Die Jamaika-Sondierung geplatzt, die Regierungsbildung erstmal gescheitert - und was macht Angela Merkel? Sie reagiert in ihrer typischen Art, wenn es besonders hart kommt: geschäftsmäßig. Umringt von den Mitgliedern der Verhandlungsgruppe von Christdemokraten (CDU) und Christsozialen (CSU) erklärt sie um kurz nach 1.00 Uhr nachts in der baden-württembergischen Landesvertretung an der Seite von CSU-Chef Horst Seehofer, wie sie nun weiter vorzugehen gedenkt. Von einem geradezu historischen Tag spricht sie, aber das ist fast schon der größte Gefühlsausbruch, den sich die Kanzlerin des stärksten Landes in Europa in dieser besonderen Nacht erlaubt.

Etwas mehr als eine Stunde vorher hatte es ein ähnliches Szenario draußen vor der Tür gegeben. Da verkündet FDP-Chef Christian Lindner eingerahmt von seiner Verhandlungsgruppe nach vier harten Verhandlungswochen das Aus für Jamaika. Es ist ein Paukenschlag für Deutschland - und ein schwerer Schlag für Merkel. «Es ist besser, nicht zu regieren, als falsch zu regieren», begründet Lindner den Rückzug seiner Partei.

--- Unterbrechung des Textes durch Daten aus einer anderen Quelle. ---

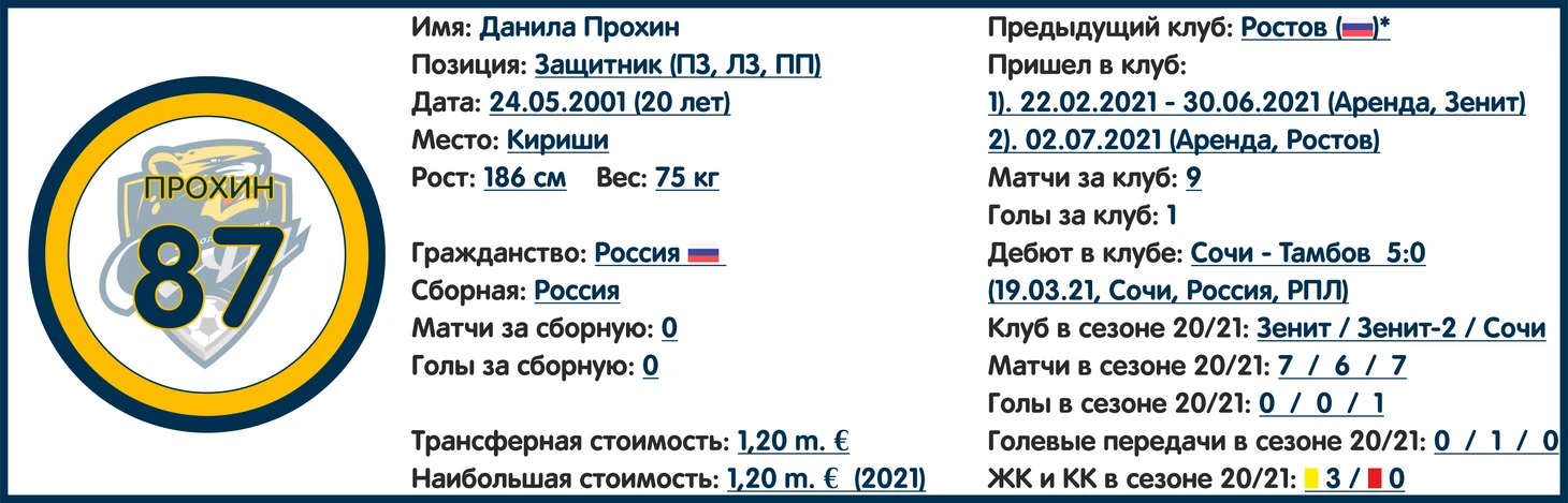 В прошлом сезоне молодой Данила Прохин успел поиграть за «Зенит» в Лиге Чемпионов, где сыграл с «Брюгге» и дортмундской «Боруссии», причем в последнем поединке он провел на поле все 90 минут.

Acht Wochen nach der Bundestagswahl steht das wichtigste Land Europas damit vor einer ungewissen Zukunft. Droht eine bisher nie dagewesene Krise? Steht Merkel vor den Scherben ihrer Kanzlerschaft? Gibt es Neuwahlen? Oder kommt doch nochmal die SPD ins Spiel und damit eine Neuauflage der Groko? Von SPD-Chef Martin Schulz bis zur Fraktionsvorsitzenden Andrea Nahles haben das alle ausgeschlossen. Ob die Sozialdemokraten es sich doch anders überlegen? Schon gibt es aus den Reihen der SPD erste Rückzugsforderungen an Merkel, in der Nacht zum Montag betonen viele SPDler nochmals, man bleibe in der Opposition.

«Tag mindestens des tiefen Nachdenkens, wie es weitergeht in Deutschland»

Merkel spricht in ihrer Replik auf Lindner von einem «Tag mindestens des tiefen Nachdenkens, wie es weitergeht in Deutschland». Als geschäftsführende Bundeskanzlerin werde sie nun «alles tun, dass dieses Land auch durch diese schwierigen Wochen gut geführt wird». Im Laufe des Tages werde sie Bundespräsident Frank-Walter Steinmeier über den Stand der Dinge informieren. Dann müsse geschaut werden, wie sich die Dinge weiterentwickelten. Die Union werde «Verantwortung für dieses Land auch in schwierigen Stunden übernehmen und auch weiter sehr verantwortungsvoll handeln».

Von Frustration oder Niedergeschlagenheit ist da nicht viel zu spüren. Die Union habe in den Verhandlungen sehr viel erreicht, was die Stabilität Deutschlands gestärkt hätte, sowohl bei der wirtschaftlichen Entwicklung, beim Klimaschutz und beim Sozialen, sagt Merkel. Am Schluss bedankt sich sogar CSU-Chef Horst Seehofer bei der Kanzlerin. Seit Beginn der Flüchtlingskrise im 2015 sind sie nicht gerade beste Freunde. Doch: «Danke, Angela Merkel für diese vier Wochen», sagt Seehofer jetzt.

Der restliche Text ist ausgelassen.